Circumcision and sexuality
What about circumcision and sexuality? Nowhere is this debate hotter than in the United States. Based on the hypothesis almost a century ago that circumcision was medically desirable, circumcision was very widely promoted by doctors and remains very popular in the United States today.
Currently, approximately 60-70% of American men are circumcised.
Because of this high incidence and the openness to debate of sexual issues, one gets the impression that the United States is a land of sexually unhappy men, many of whom feel that they had been sexually mutilated beyond their volition.
Protagonists of circumcision argue that the foreskin is rich in sensory nerve endings that convey erogenous sensation and reduction of these by circumcision delays ejaculation. Understandably, any scientific study on this issue would be difficult to design and carry out, as there are so many other factors that can influence outcome.
Antagonists argue that circumcision leads to more female discomfort during intercourse. The theory goes that the foreskin protracting and retracting during intromission and withdrawal of the penis acts like a lubricating layer and reduces direct friction and abrasion between the head of the penis and vaginal wall.
Many women with sexual experience with both intact and circumcised men claim to prefer uncircumcised men in survey studies. However, one has to be mindful that such surveys are open to bias influences and we have to cast doubt on the validity of findings from studies of this nature.
One thing is clear: if circumcision leads to so many unhappy men and women, this is manifestly not the observation in Muslim and Jewish societies. The cynics would argue that views on circumcision and sexuality are intercurrent and influenced by other societal values and varies from culture to culture and within a society, from time to time based on many prevailing factors and considerations.
Advice to parents
So, what do you do as a parent when your child is advised a circumcision?
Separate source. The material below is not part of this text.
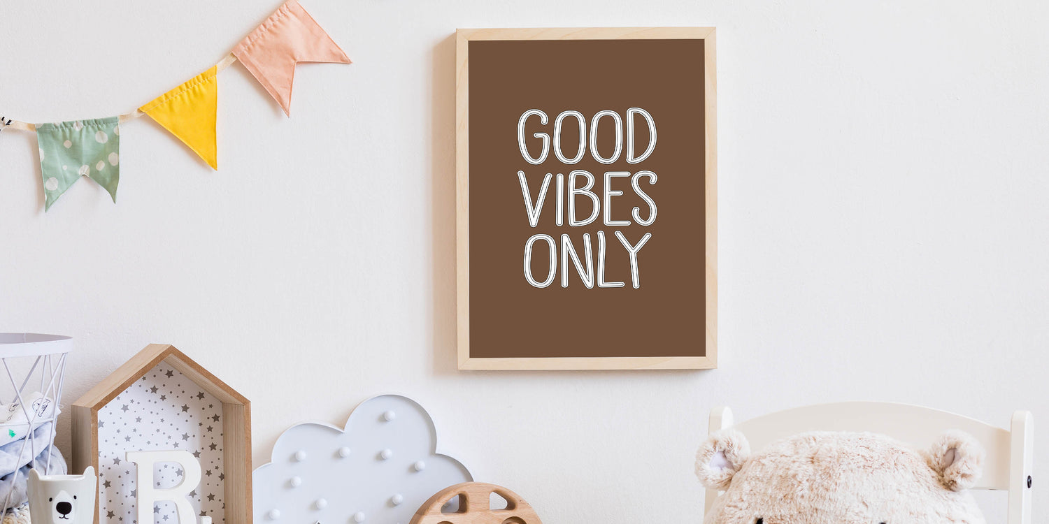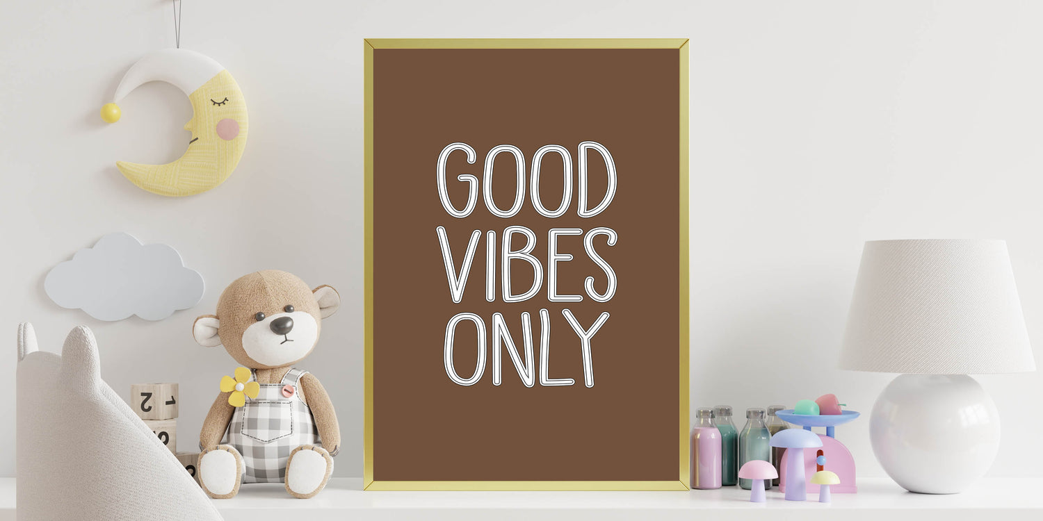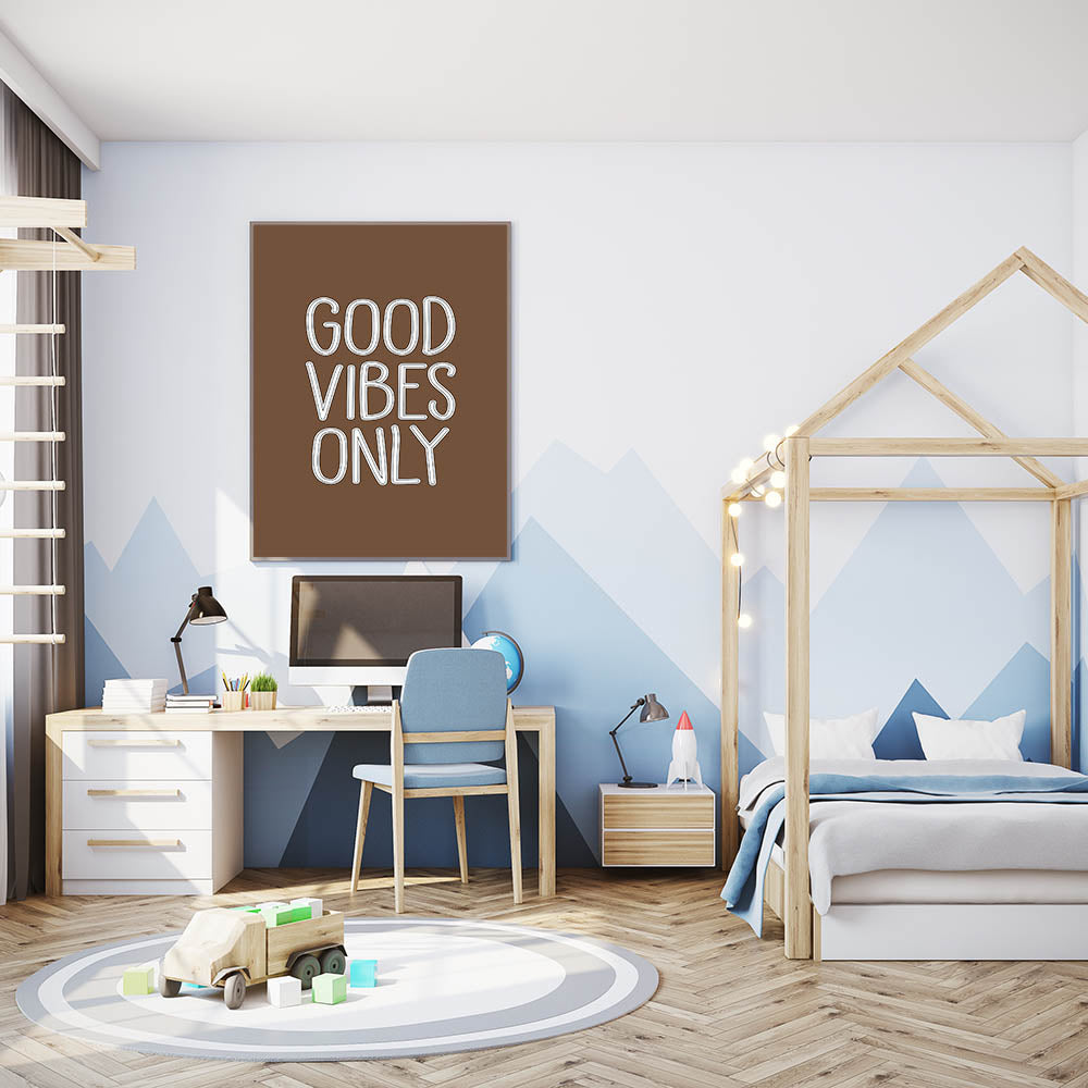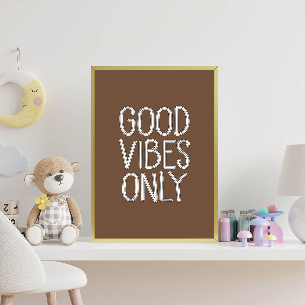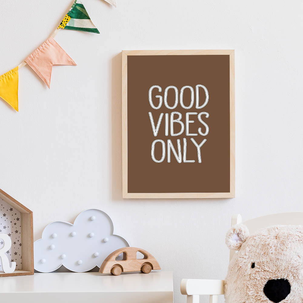 Create a positive and inspiring atmosphere in your child’s space with this Good Vibes Only wall art. Featuring bold white typography on a warm brown background, this motivational print is perfect for adding a stylish and uplifting touch to any boys' bedroom, playroom, or nursery.
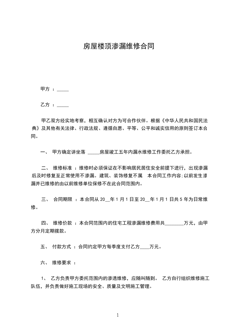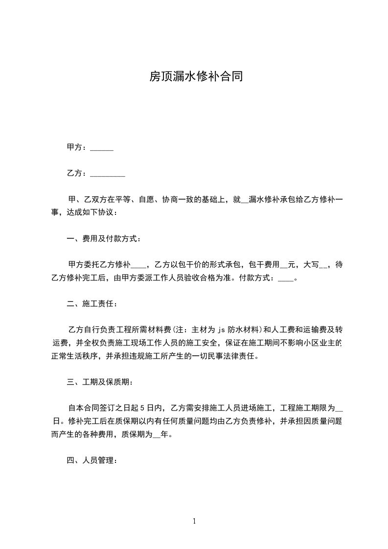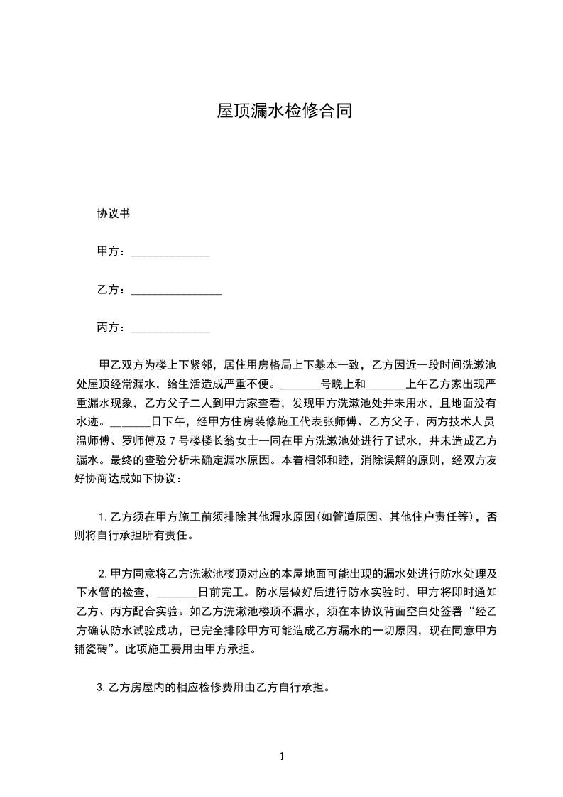 一、对于甲方房屋漏水造成乙方房顶的水印和渗水问题,经双方达成协议,由甲方一次性支付给乙方维修费壹仟元(未含乙方因处理此事而另外损失的误工费、交通费、通讯费以及维修后所需清洁费等费用)。

Circumcision is strictly indicated medically in certain medical conditions in which the health of the child overrides other considerations.
These include recurrent foreskin infection (balanitis), tight pinhole phimosis causing the foreskin to balloon up during urination and a male child with recurrent urinary tract infection.
An unretractable foreskin in most small children is normal and it is fairer to the child to let him decide at a later date. In adult men, foreskins affected by certain diseases including sexually transmitted diseases, skin diseases and tumours are rightly treated with circumcision, although on many occasions, more conservative surgery short of total foreskin excision works equally well.
Such decisions can only be made on a case-by-case merit based on the history and clinical findings. Foreskin and glans penis hygiene should be promoted.
There is however, a situation in which the foreskin should be preserved for posterity, ie, a child with hypospadias. In this condition, there is incomplete development of the urine passage causing it to open downwards anywhere along the shaft of the penis before it reaches the tip. The foreskin can be invaluable as rebuilding material for reconstruction of the missing terminal portion of the urine passage.